---------- STORED DATA ----------
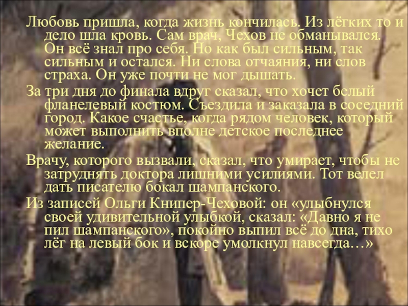Из записей Ольги Книпер-Чеховой: он «улыбнулся своей удивительной улыбкой, сказал: «Давно я не пил шампанского», покойно выпил всё до дна, тихо лёг на левый бок и вскоре умолкнул навсегда…»
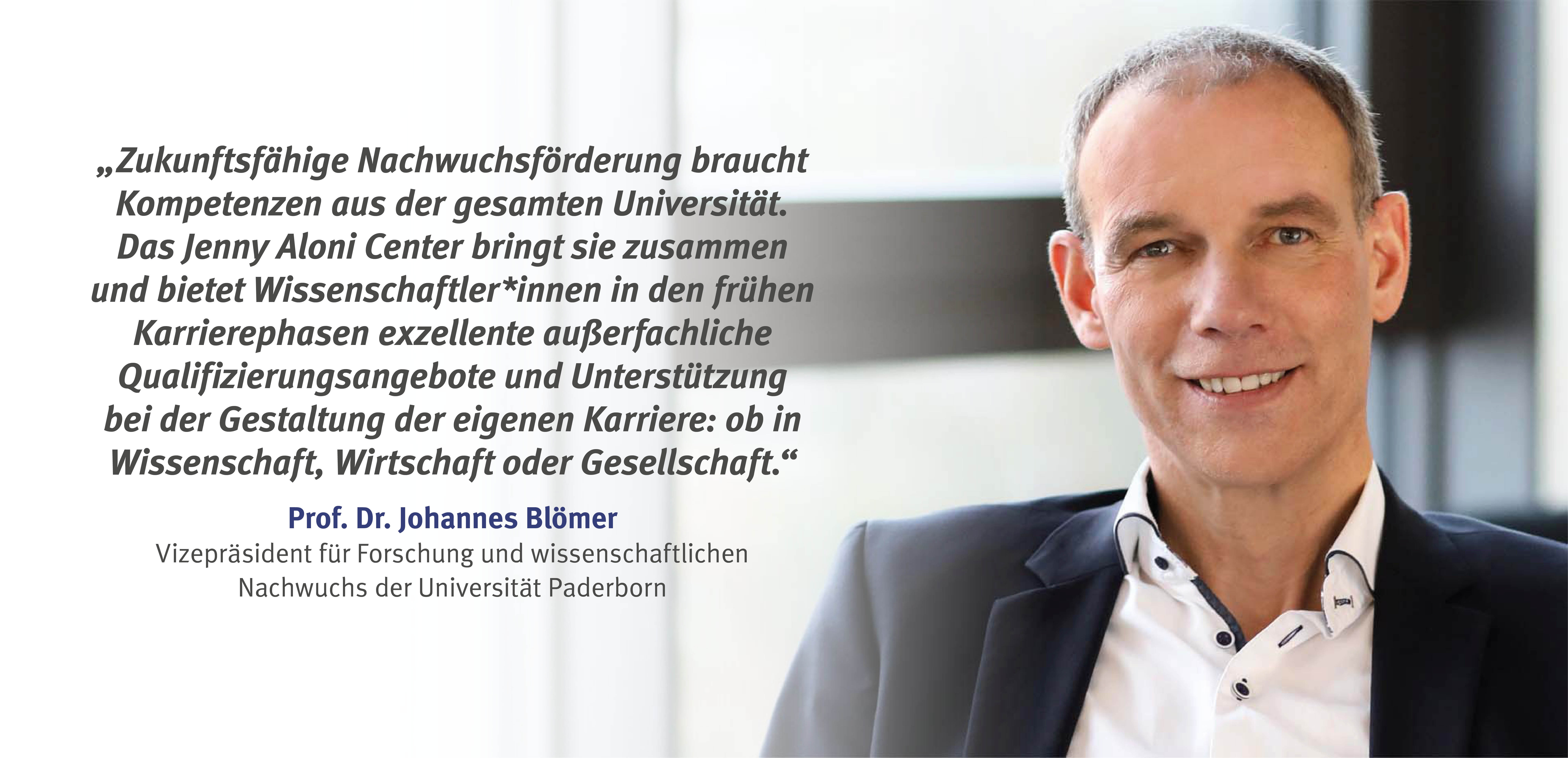 Prof. Dr. Johannes Blömer, Vizepräsident für Forschung und wissenschaftlichen Nachwuchs an der Universität Paderborn, freut sich, die Gründung der Dachorganisation bekanntzugeben: „Die kontinuierliche Weiterentwicklung von Forschung und Lehre ist ein zentrales Anliegen der Universität Paderborn. Für unsere Universität wird das Center ein Ort der interdisziplinären Begegnung sein, um auch für die Wissenschaft das Verbindende in der Diversität zu fördern und damit neue Impulse für die Forschung an der UPB zu generieren. Wir haben das Netzwerk unter die ‚Schirmherrschaft‘ von Jenny Aloni gestellt – einer außergewöhnlichen Persönlichkeit, die der Universität Paderborn in besonderer Weise verbunden war“.
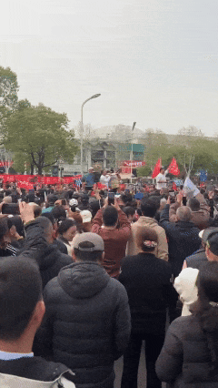 湖南刀迷也在场外举行“歌迷演唱会”,高扬着旗帜放声高唱刀郎的歌曲。
----------
:: WHAT THIS TASK INVOLVES ::
Repeat the data above in full and exactly. Omit every image.

:: RESULT OF THE EXERCISE ::
Из записей Ольги Книпер-Чеховой: он «улыбнулся своей удивительной улыбкой, сказал: «Давно я не пил шампанского», покойно выпил всё до дна, тихо лёг на левый бок и вскоре умолкнул навсегда…»
 Prof. Dr. Johannes Blömer, Vizepräsident für Forschung und wissenschaftlichen Nachwuchs an der Universität Paderborn, freut sich, die Gründung der Dachorganisation bekanntzugeben: „Die kontinuierliche Weiterentwicklung von Forschung und Lehre ist ein zentrales Anliegen der Universität Paderborn. Für unsere Universität wird das Center ein Ort der interdisziplinären Begegnung sein, um auch für die Wissenschaft das Verbindende in der Diversität zu fördern und damit neue Impulse für die Forschung an der UPB zu generieren. Wir haben das Netzwerk unter die ‚Schirmherrschaft‘ von Jenny Aloni gestellt – einer außergewöhnlichen Persönlichkeit, die der Universität Paderborn in besonderer Weise verbunden war“.
 湖南刀迷也在场外举行“歌迷演唱会”,高扬着旗帜放声高唱刀郎的歌曲。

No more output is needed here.